Bag features are treated in the same way of set features, with the only difference being that the matrix had float values (frequencies).

Sequence Features¶

Sequence features by default are managed by space tokenizers. This splits the content of the feature value into a list of strings using space.

before tokenizer	after tokenizer
"token3 token4 token2"	[token3, token4, token2]
"token3 token1"	[token3, token1]

Computing metadata: A list idx2str and two dictionaries str2idx and str2freq are created containing all the tokens in all the lists obtained by splitting all the rows of the column and an integer id is assigned to each of them (in order of frequency).

{
    "column_name": {
        "idx2str": [
            "<PAD>",
            "<UNK>",
            "token3",
            "token2",
            "token4",
            "token1"
        ],
        "str2idx": {
            "<PAD>": 0,
            "<UNK>": 1,
            "token3": 2,
            "token2": 3,
            "token4": 4,
            "token1": 5
        },
        "str2freq": {
            "<PAD>":  0,
            "<UNK>":  0,
            "token3": 2,
            "token2": 1,
            "token4": 1,
            "token1": 1
        }
    }
}

Finally, a numpy matrix is created with sizes n x l where n is the number of rows in the column and l is the minimum of the longest tokenized list and a max_length parameter that can be set. All sequences shorter than l are right-padded to the max_length (though this behavior may also be modified through a parameter).

after tokenizer	numpy matrix
[token3, token4, token2]	2 4 3
[token3, token1]	2 5 0

The final result matrix is saved in the HDF5 with the name of the original column in the dataset as key, while the mapping from token to integer ID (and its inverse mapping) is saved in the JSON file.

A frequency-ordered vocabulary dictionary is created which maps tokens to integer IDs. Special symbols like <PAD>, <START>, <STOP>, and <UNK> have specific indices. By default, we use [0, 1, 2, 3], but these can be overridden manually.

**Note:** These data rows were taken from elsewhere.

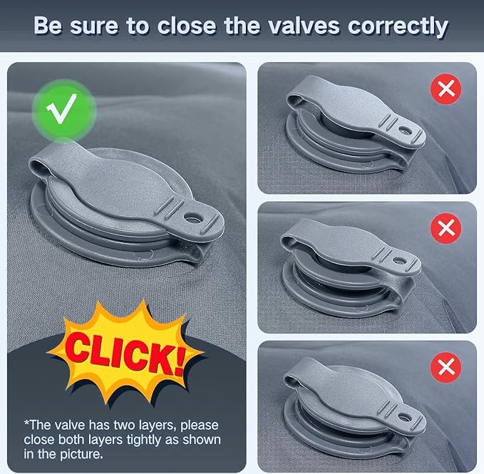 • Note:We have 2 double-layered valves on the one-piece pillow of the sleeping pad. Please close the valves tightly, and check the valves first if you find any leaking.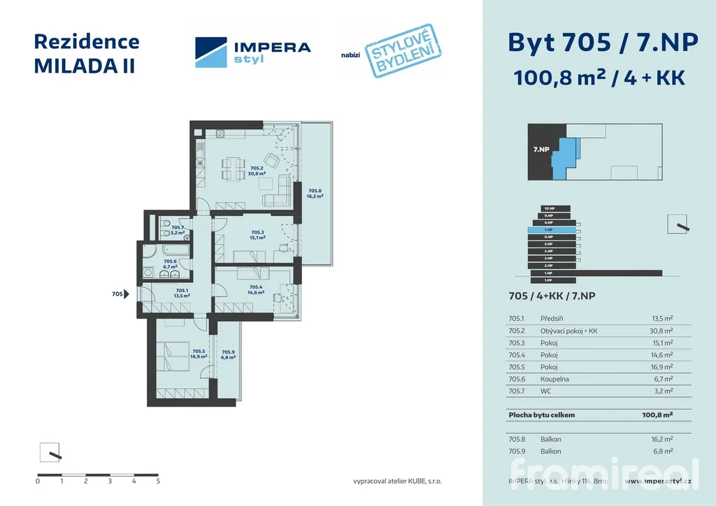 Nabízíme k pronájmu moderní, nadstandardně prostorný byt 4+kk o velikosti 111 m², který se nachází v reprezentativním bytovém domě na ulici Milady Horákové v Brně.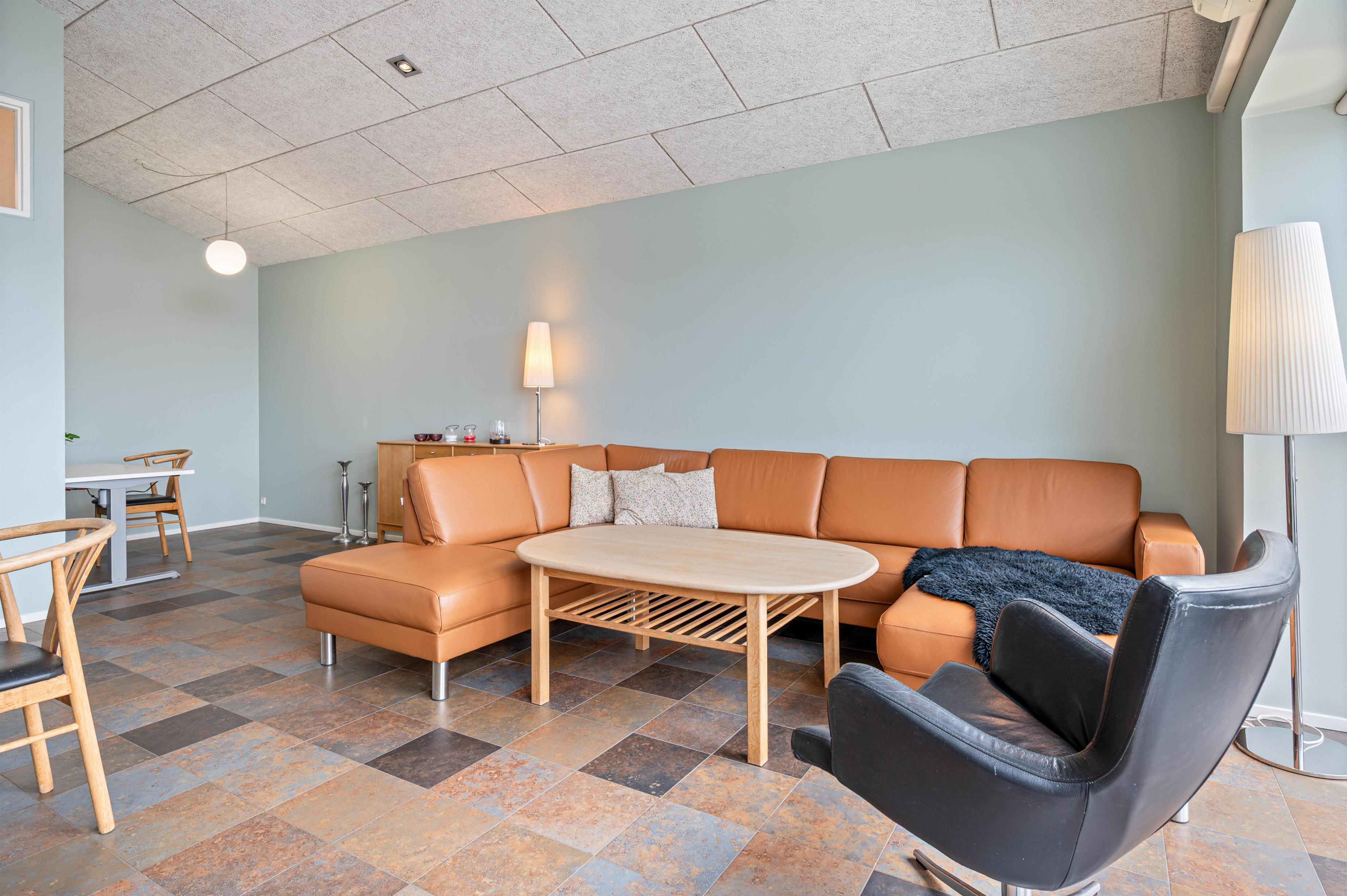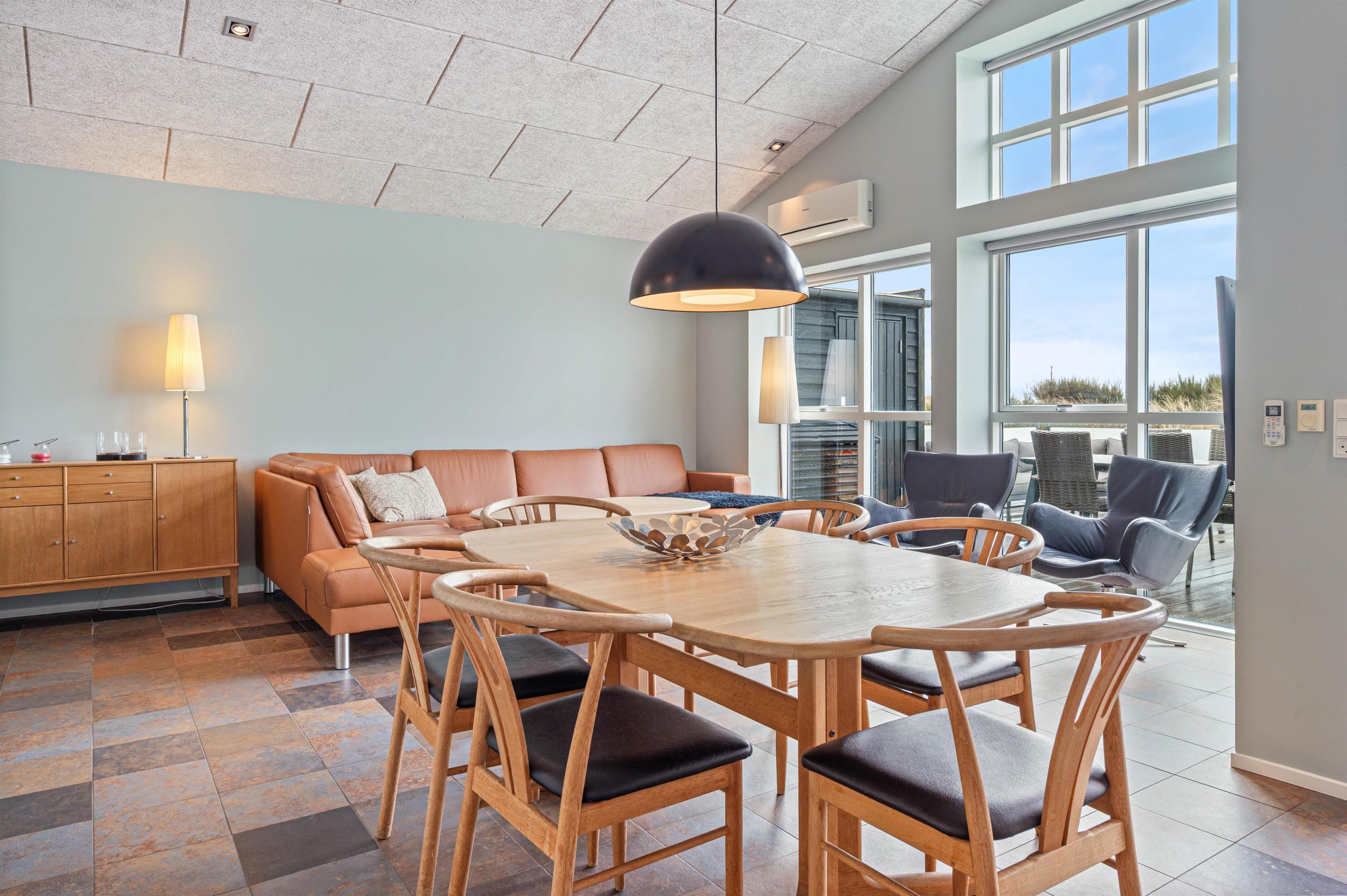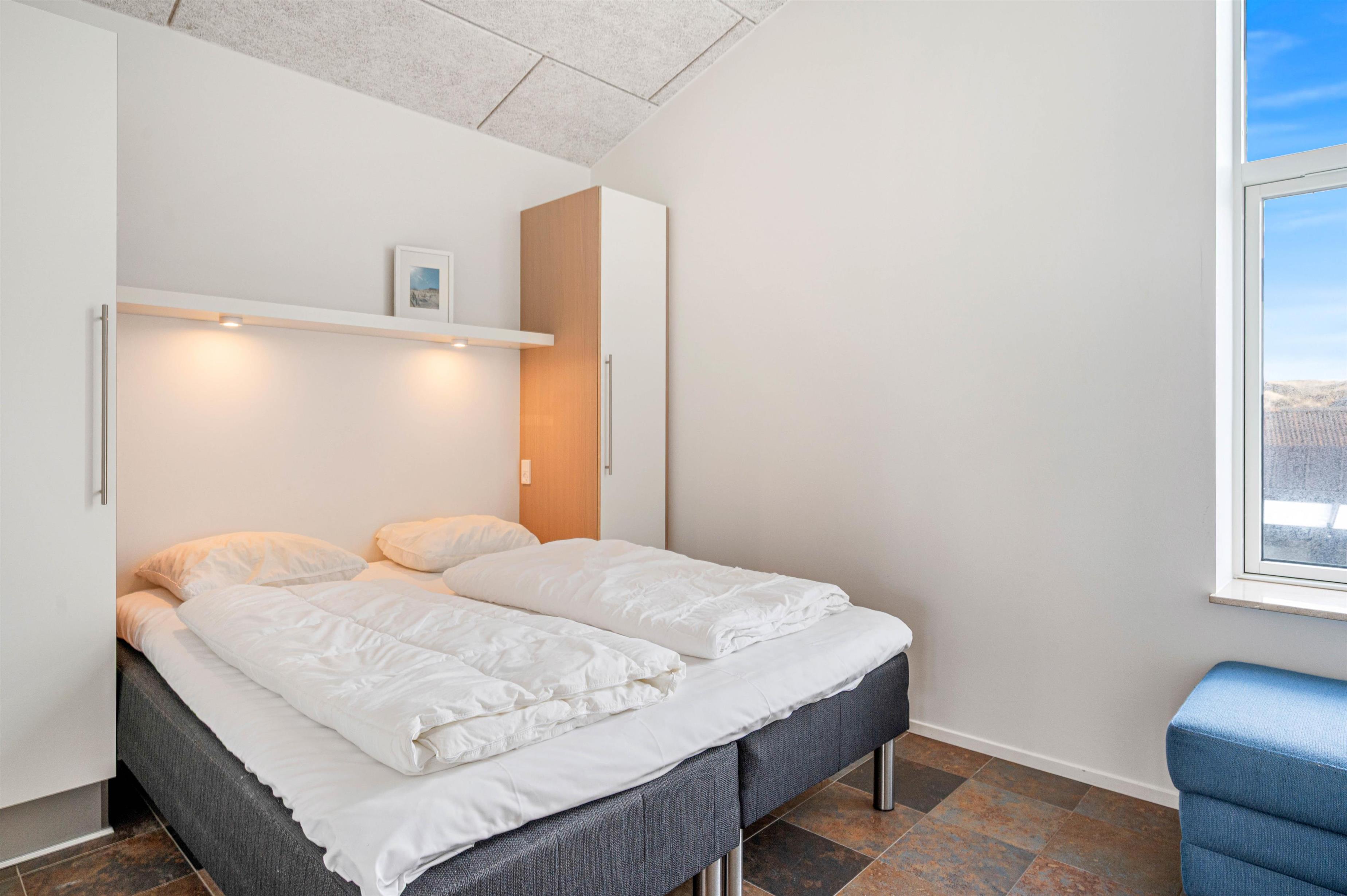 Med det samme I træder ind i denne dejlige ferielejlighed, mødes I af et lyst og rummeligt åbent opholdsrum, som rummer både køkken og stue. De store vinduespartier lukker masser af lys ind og skaber en behagelig atmosfære. En varmepumpe sikrer en dejlig temperatur i ferielejligheden året rundt.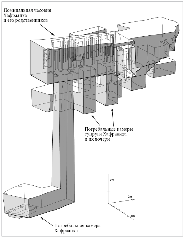 под ним трех шахт, ведущих соответственно в три погребальные камеры. Эти камеры и служили местом захоронения Хафраанха и членов его семьи.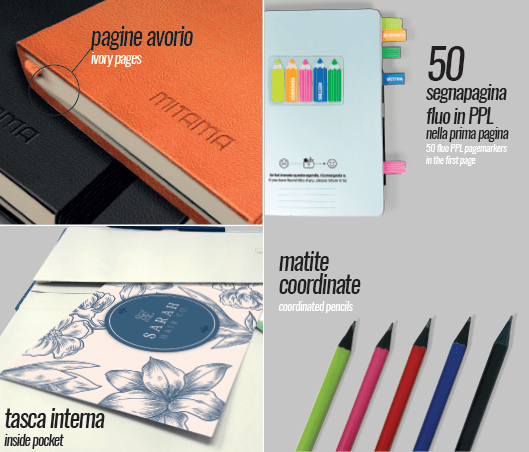 Logo Impresso, Nuovo Tessuto in Ecopelle, Stampa Logo in coordinato con le pagine Avorio.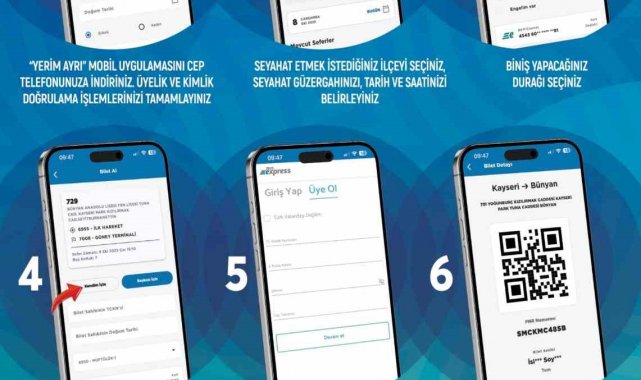"Uygulama mağazalarından "Yerim Ayrı" mobil uygulamasını cep telefonunuza indiriniz. Üyelik ve kimlik doğrulama işlemlerini tamamlayınız. Seyahat etmek istediğiniz ilçeyi seçiniz. İlçe seçiminden sonra güzergâh, tarih ve saat bilgilerini belirleyiniz. Alt kısımda listelenen seferler arasından size uygun olanı seçiniz. Biniş yapacağınız durağı belirleyiniz. "Bilet al" ekranında kendiniz ya da bir yakınınız için bilet alabilirsiniz. Ödeme işlemleri için bir defaya mahsus Bankalar Arası Kart Merkezi'ne (BKM Express) kayıt olunuz ve kart bilgilerinizi tanımlayarak ödemeyi tamamlayınız. Satın alma işleminiz tamamlandığında oluşan QR kodu, araca biniş sırasında şoför uygulamasına okutarak yolculuğunuza başlayabilirsiniz."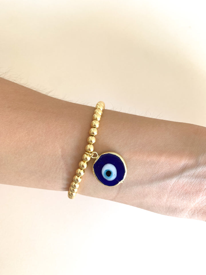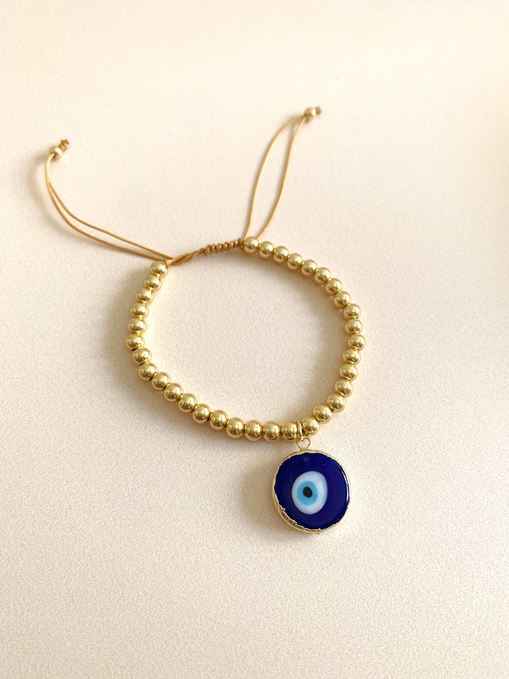 Un toque turco + mucha onda ✨. Esta pulsera de bolitas doradas con dije de ojo turco azul tiene presencia sin ser pesada. Perfecta para usar con looks boho, básicos o incluso de salida.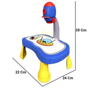 Linda mesinha com projetor de desenhos. Com projetor acoplado, acompanha 3 discos de desenhos para projetar as ilustrações. Acompanha também papel e canetinhas coloridas com apagador acoplado para a brincadeira ficar completa. Possui mecanismo liga/desliga e controle para ajustar a nitidez da projeção. Com esta mesa divertida, os pequenos podem soltar a imaginação e desenvolver habilidades que contribuem para a sua formação e criatividade.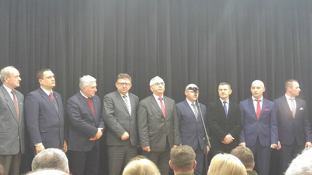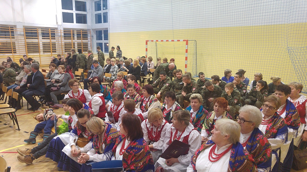 Dyrektor Alicja Raczyńska i wójt Mirosław Seweryn powitali przybyłych do odnowionej hali Zespołu Szkół w Mircu gości, a byli wśród nich: przewodnicząca Rady Gminy w Mircu Agnieszka Idzik-Napiórkowska, starosta Dariusz Dąbrowski, zastępca Prezydenta Starachowic Jerzy Miśkiewicz, przywitano również bardzo gorąco uczestników XI Marszu Komendanta Głównego Związku Strzeleckiego Romana Burka, Komendanta I Okręgu Wiesława Mizerskiego, Komendanta SOK Beliniak Leszka Marcinkiewicza, Komendant Oddziału ZS Legnica Czesława Dula, Komendanta Oddziału ZS Szydłowiec Andrzeja Górskiego, Komendanta Oddziału ZS Puławy Rafała Bociąga, zastępcę Komendanta Oddziału Warszawa Janusza Ziembickiego, przedstawicieli Związku Piłsudczyków z Radomia oraz Małogoski Oddział Powstańczy 1863 r., działający przy Domu Kultury w Małogoszczu, dyrektorów szkół, nauczycieli, radnych, sołtysów, zespoły folklorystyczne z Mirca, Osin i Trębowca oraz mieszkańców gminy Mirzec.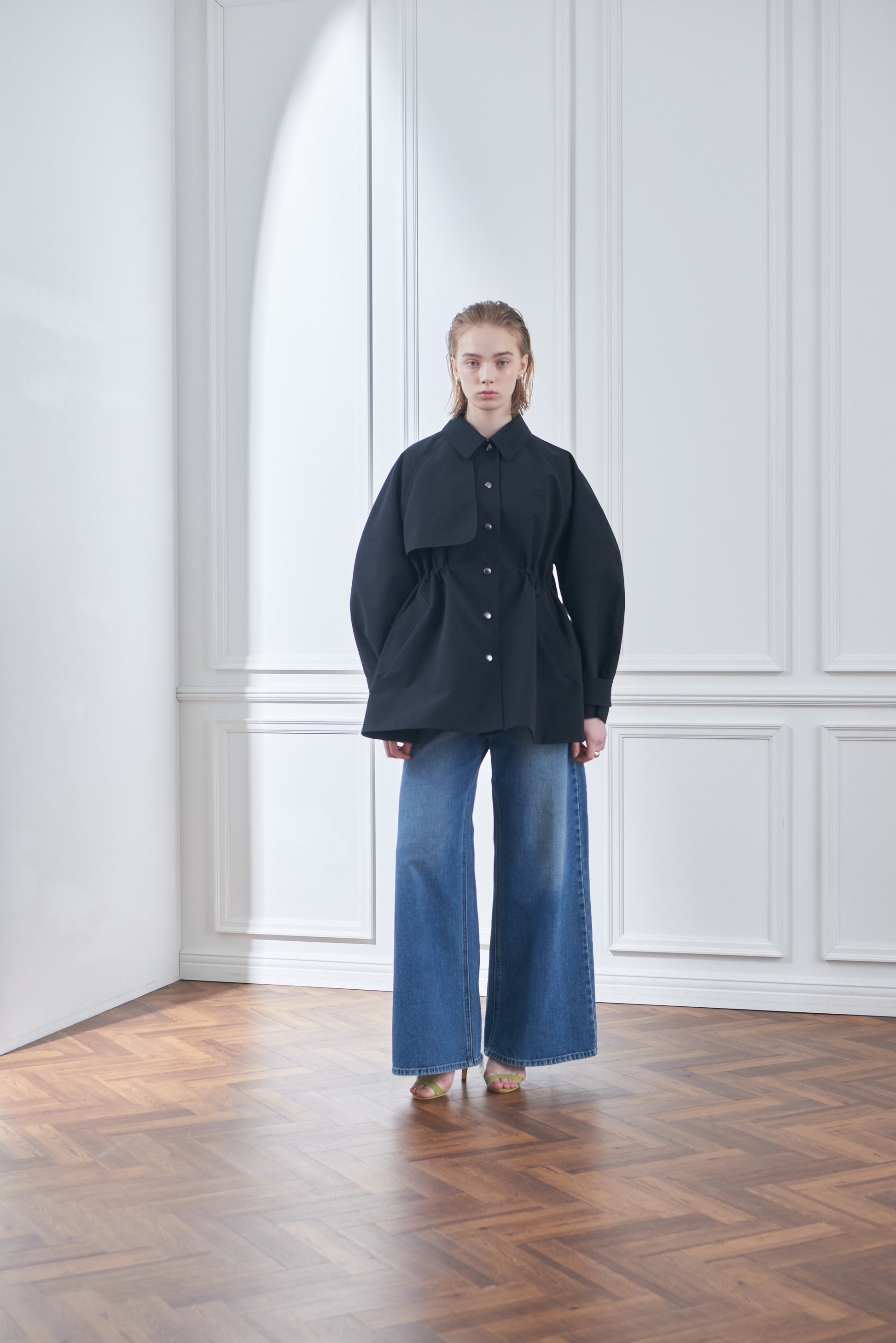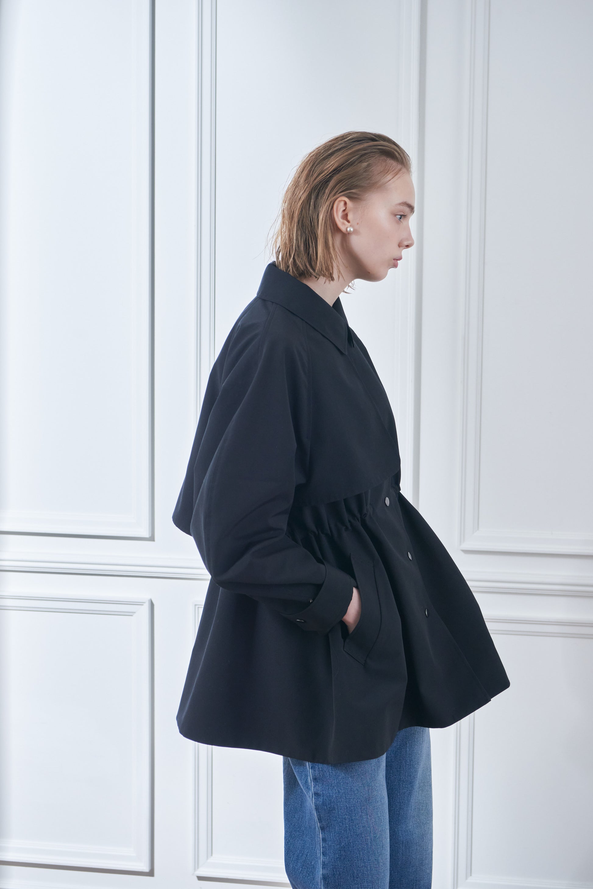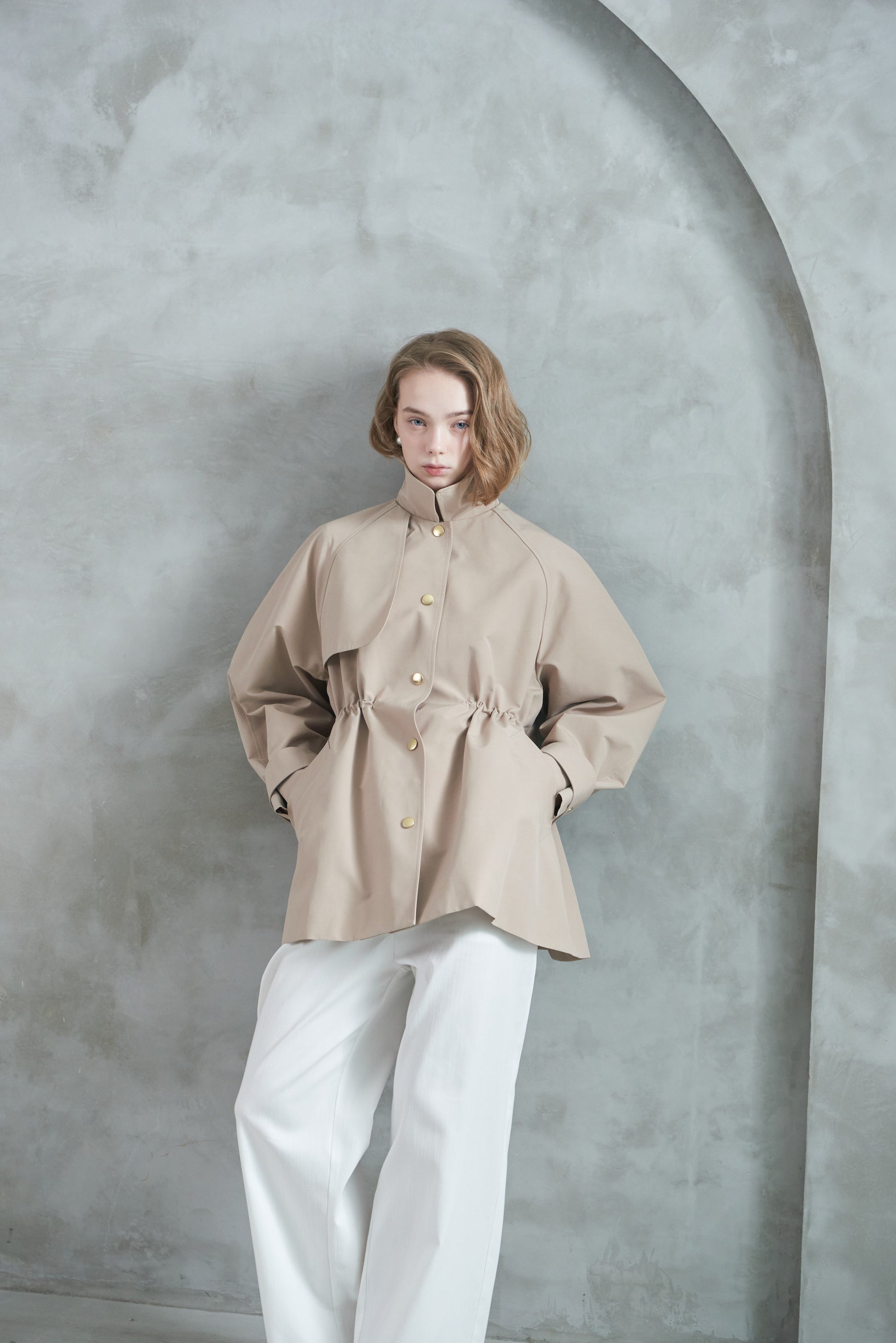 立体的なテントシルエットに、ウエストを絞ることで生まれる女性らしいフレアラインが魅力の一着。

If a huggingface encoder is specified, then that encoder's special symbol indices will be used instead.

The computed metadata includes:

the mapping from integer to string (idx2str)
the mapping from string to id (str2idx)
the mapping from string to frequency (str2freq)
the maximum length of all sequences (max_sequence_length)
additional preprocessing information (by default how to fill missing values and what token to use to fill missing values)

Text features¶

Text features are treated in the same way of sequence features, with a couple differences. Two different tokenizations happen, one that splits at every character and one that uses a custom tokenizer. Two different keys are added to the HDF5 file, one for the matrix of characters and one for the matrix of symbols.

The same thing happens in the JSON file, where there are two sets of dictionaries, one for mapping characters to integers (and the inverse) and symbols to integers (and their inverse).

If a huggingface encoder is specified, then that encoder's tokenizer will be used for the symbol-based tokenizer.

In the configuration users can specify which level of representation to use: the character level or the symbol level.

Timeseries features¶

Timeseries features are treated in the same way of sequence features, with the only difference being that the matrix in the HDF5 file does not have integer values, but float values. The JSON file has no additional mapping information.

Image features¶

Image features are transformed into a int8 valued tensor of size n x h x w x c (where n is the size of the dataset and h x w is a specific resizing of the image that can be set, and c is the number of color channels) and added to HDF5 with a key that reflects the name of column in the dataset.

The column name is added to the JSON file, with an associated dictionary containing preprocessing information about the sizes of the resizing.